Data shown:
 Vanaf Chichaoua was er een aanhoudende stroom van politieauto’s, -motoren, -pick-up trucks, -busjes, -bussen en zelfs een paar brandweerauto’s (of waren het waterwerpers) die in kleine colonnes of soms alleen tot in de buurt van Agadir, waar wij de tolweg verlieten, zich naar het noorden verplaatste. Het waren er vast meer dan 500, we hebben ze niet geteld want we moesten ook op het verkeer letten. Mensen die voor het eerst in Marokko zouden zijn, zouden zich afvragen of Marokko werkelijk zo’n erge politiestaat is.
...
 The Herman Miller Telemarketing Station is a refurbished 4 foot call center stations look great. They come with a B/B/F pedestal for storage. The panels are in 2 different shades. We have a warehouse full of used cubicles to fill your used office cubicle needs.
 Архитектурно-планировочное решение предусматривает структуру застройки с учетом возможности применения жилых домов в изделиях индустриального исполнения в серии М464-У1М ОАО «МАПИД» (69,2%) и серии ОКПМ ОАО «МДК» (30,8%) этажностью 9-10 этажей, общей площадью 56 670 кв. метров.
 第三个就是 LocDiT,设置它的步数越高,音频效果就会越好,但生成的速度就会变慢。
--
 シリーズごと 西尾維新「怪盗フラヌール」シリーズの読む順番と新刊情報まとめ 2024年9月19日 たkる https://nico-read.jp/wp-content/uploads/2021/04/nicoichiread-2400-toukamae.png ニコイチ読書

Problem details:
Using the records above, restate word for word the lines from the one with "Архитектурно-планировочное решение предусматривает" through the one with "第三个就是 LocDiT,设", both included.

Written response:
 Архитектурно-планировочное решение предусматривает структуру застройки с учетом возможности применения жилых домов в изделиях индустриального исполнения в серии М464-У1М ОАО «МАПИД» (69,2%) и серии ОКПМ ОАО «МДК» (30,8%) этажностью 9-10 этажей, общей площадью 56 670 кв. метров.
 第三个就是 LocDiT,设置它的步数越高,音频效果就会越好,但生成的速度就会变慢。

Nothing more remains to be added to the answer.